By John Bohnenkamp
Fran McCaffery scanned Luka Garza’s line in the box score after Iowa’s 103-76 win over Southern on Friday.
Garza’s numbers were impressive — 41 points and nine rebounds, 14-of-15 from the field (12-of-12 in the first half), 3-of-3 in 3-pointers, 10-of-12 in free throws.
What McCaffery, Iowa’s coach, especially liked was what Garza said after the game.
McCaffery was hard on the Hawkeyes in back-to-back media timeouts in the second half. They would finish the day being outrebounded, 42-37, by the Jaguars, including a 19-10 edge in offensive rebounds.
“We’re going to miss shots,” McCaffery said. “We’re going to have stretches where we’re just killing it, we’ll have stretches where we’re not making shots. Get to the offensive glass. They had 19, we had 10. We’re not supposed to get outrebounded in this game. And it’s all on the offensive end. They outrebound us by five, they had nine more offensive rebounds. So I think that was the one thing that upset me.”
It was one of the things that bothered Garza, too. Iowa only outscored Southern 45-41 in the second half.
The Hawkeyes, Garza said, had gotten too comfortable with a big lead. You can get away with that on a Friday afternoon in a nonconference game, you’re not going to get away with that in the games that are coming up.

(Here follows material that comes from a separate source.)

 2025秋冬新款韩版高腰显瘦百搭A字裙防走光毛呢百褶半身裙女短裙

“We’re going to get beat by teams if we let them have that many offensive boards,” Garza said, echoing McCaffery. “For us, that was a big thing in the locker room after the game. It was to just not get comfortable no matter what the lead is, and to continue pushing forward.

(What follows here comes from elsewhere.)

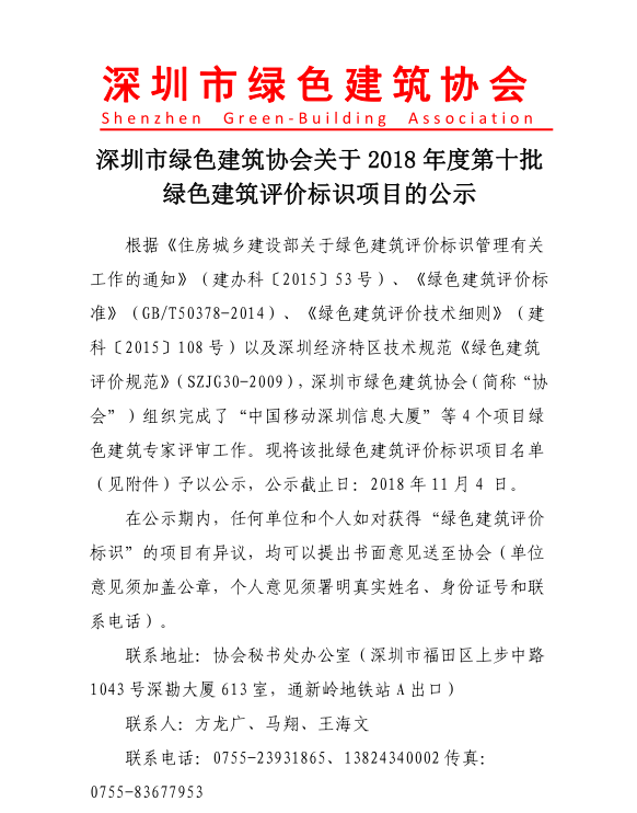 關(guān)于2018年度第十批綠色建筑評(píng)價(jià)標(biāo)識(shí)項(xiàng)目的公示
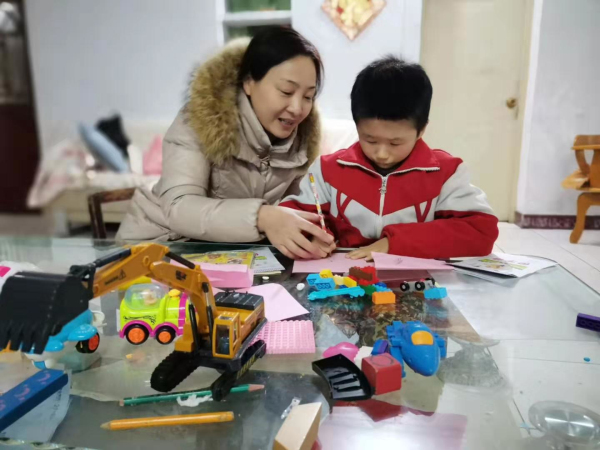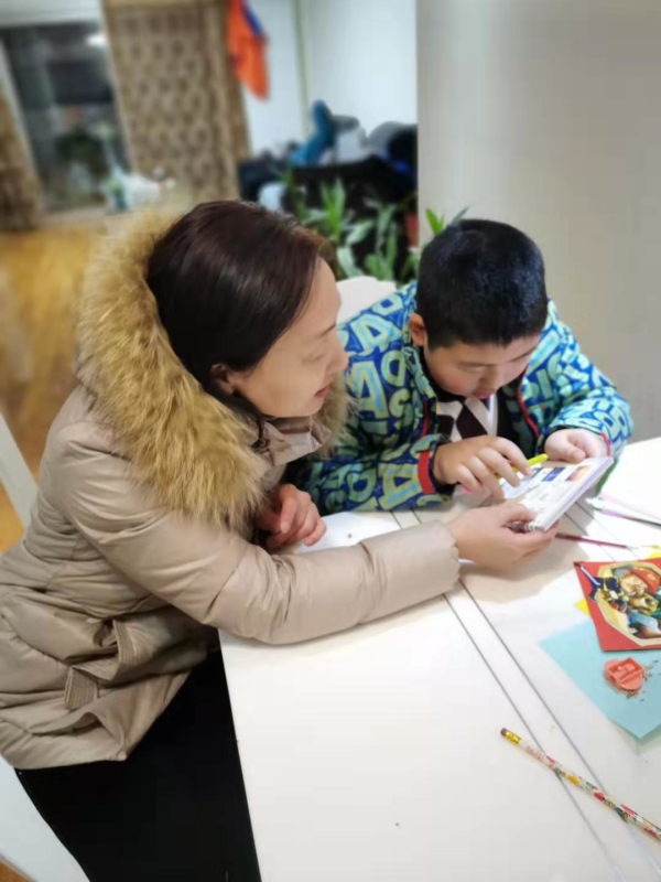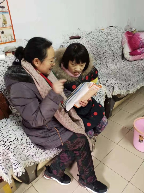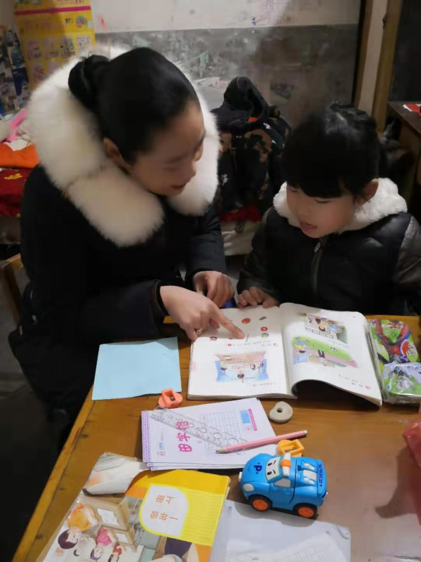 周冬梅老师来到熠熠家中,询问了这一周来孩子的学习和生活情况,又把精心准备的教学内容认真地讲给孩子听。面对着渴求知识的大眼睛,周老师心中充满着满满的责任感,更坚定了心中神圣的信念。

“I think my job, as a leader, I have to be a little better in that area, just continue to push our team to close out games better than we did tonight.”
Those words, McCaffery said, are important coming from a player like Garza, the preseason player of the year in the Big Ten who was the only unanimous selection to the Associated Press’ preseason All-America team.

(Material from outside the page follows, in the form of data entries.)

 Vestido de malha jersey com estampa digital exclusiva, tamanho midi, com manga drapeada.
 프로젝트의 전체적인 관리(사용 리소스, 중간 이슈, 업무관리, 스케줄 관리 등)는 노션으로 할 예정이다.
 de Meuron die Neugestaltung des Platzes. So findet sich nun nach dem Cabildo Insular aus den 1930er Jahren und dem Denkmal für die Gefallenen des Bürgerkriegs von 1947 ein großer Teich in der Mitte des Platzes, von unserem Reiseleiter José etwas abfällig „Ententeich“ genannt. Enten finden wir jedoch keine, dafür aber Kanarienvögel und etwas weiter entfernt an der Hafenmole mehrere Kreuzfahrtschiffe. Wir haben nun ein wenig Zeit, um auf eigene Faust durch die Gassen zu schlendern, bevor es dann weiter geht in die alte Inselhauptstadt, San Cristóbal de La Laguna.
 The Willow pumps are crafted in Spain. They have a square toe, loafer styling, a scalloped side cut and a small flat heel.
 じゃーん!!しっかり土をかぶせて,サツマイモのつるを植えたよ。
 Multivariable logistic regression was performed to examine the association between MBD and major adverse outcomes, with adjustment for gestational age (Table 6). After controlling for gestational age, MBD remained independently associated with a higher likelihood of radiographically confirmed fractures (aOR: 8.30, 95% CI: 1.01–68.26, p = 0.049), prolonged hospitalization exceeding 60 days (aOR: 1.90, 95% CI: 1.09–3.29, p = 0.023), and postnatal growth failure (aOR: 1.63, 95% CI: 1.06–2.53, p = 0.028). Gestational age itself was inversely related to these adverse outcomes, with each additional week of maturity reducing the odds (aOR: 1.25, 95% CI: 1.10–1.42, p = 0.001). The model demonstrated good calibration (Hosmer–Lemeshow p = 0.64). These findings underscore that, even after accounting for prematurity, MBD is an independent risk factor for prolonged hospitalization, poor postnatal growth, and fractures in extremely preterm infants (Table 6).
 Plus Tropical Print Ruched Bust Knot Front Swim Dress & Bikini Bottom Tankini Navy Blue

“I think, all in all, I appreciate him saying that,” McCaffery said. “Any time you have that kind of accountability in the locker room, I think it’s better when it comes from there than when it comes from me.”
There were a lot of reasons why Garza came back for his senior season. One of the main reasons for the 6-foot-11 center was how last season ended.
That was the first question he took during Friday’s press conference, about how the Hawkeyes were poised to try to make a run in the Big Ten tournament and then the NCAA tournament, and then in a span of a few hours had all of that canceled because of the COVID-19 pandemic.
“It was definitely hard. It was heartbreaking for all of us,” Garza said. “I went into the offseason, and I didn’t really have any closure. So I went straight to the gym and started working again. It hit me later, a month later, and I finally took a break. I was like, ‘This season is really over.’”
A new season has just started. The Hawkeyes are 2-0 with wins over North Carolina Central and Southern. But North Carolina is coming up. So is Iowa State. So is top-ranked Gonzaga. So is the Big Ten opener against Purdue. All games that come before the calendar flips to 2021.
So Garza knows it’s best to speak up now. November is about correcting things, December is about building on that.
That’s why he challenged his teammates.
The Hawkeyes were 34-of-62 from the field, 12-of-24 in 3-pointers, in Friday’s game, but Garza knew there were a lot of misses of shots that his teammates can make.
“We’ve got a lot of confident shooters,” Garza said. “The next time a team plays a zone against us, we’re going to bury them, and make a lot more threes.”
It’s those kinds of words that McCaffery appreciates from Garza. Veterans, he knows, understand the pulse of the schedule.
“I think you want them to hold themselves accountable,” McCaffery said.
It’s what Garza did after the game.
“There’s nothing to be comfortable about,” he said. “We’re two games in. We know what’s coming ahead of us.”